Required work:
Without any pictures, reproduce exactly the lines running from the line containing "2012년 2월 K5 신차가격표 (가솔린 누우 CVVL 엔진 적용)" through the end of the entries.

Provided data:
--------------------------------
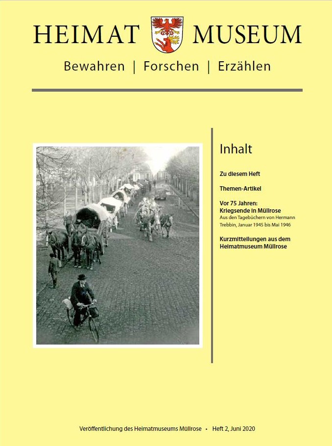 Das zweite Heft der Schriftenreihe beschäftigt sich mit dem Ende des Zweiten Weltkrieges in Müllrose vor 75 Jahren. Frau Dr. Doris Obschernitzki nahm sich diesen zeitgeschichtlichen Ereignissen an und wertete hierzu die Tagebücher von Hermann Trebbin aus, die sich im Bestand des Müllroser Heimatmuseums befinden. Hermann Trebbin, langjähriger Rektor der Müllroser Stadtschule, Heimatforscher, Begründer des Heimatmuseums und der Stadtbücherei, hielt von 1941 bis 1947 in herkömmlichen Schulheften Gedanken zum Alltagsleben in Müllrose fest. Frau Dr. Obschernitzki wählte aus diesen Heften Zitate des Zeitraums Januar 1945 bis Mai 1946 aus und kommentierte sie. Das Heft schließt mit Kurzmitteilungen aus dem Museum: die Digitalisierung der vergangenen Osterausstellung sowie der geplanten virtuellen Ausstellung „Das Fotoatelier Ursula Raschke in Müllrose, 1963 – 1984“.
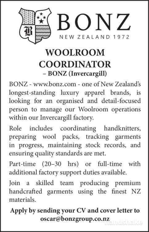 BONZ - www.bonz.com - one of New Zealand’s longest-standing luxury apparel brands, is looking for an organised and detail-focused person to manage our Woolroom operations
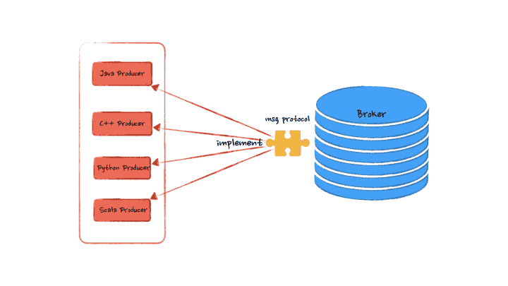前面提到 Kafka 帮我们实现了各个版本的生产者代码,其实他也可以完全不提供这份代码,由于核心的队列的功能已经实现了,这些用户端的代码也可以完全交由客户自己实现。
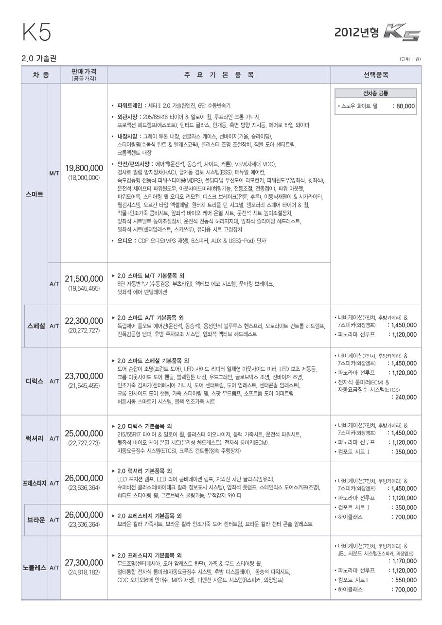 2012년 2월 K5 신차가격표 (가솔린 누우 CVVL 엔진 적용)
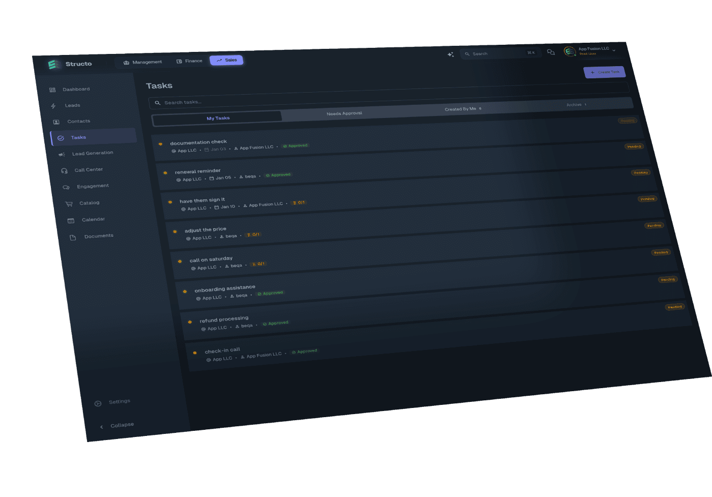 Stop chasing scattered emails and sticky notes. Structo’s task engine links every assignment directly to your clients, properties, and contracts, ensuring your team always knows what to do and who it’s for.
--------------------------------
Expected output:
 2012년 2월 K5 신차가격표 (가솔린 누우 CVVL 엔진 적용)
 Stop chasing scattered emails and sticky notes. Structo’s task engine links every assignment directly to your clients, properties, and contracts, ensuring your team always knows what to do and who it’s for.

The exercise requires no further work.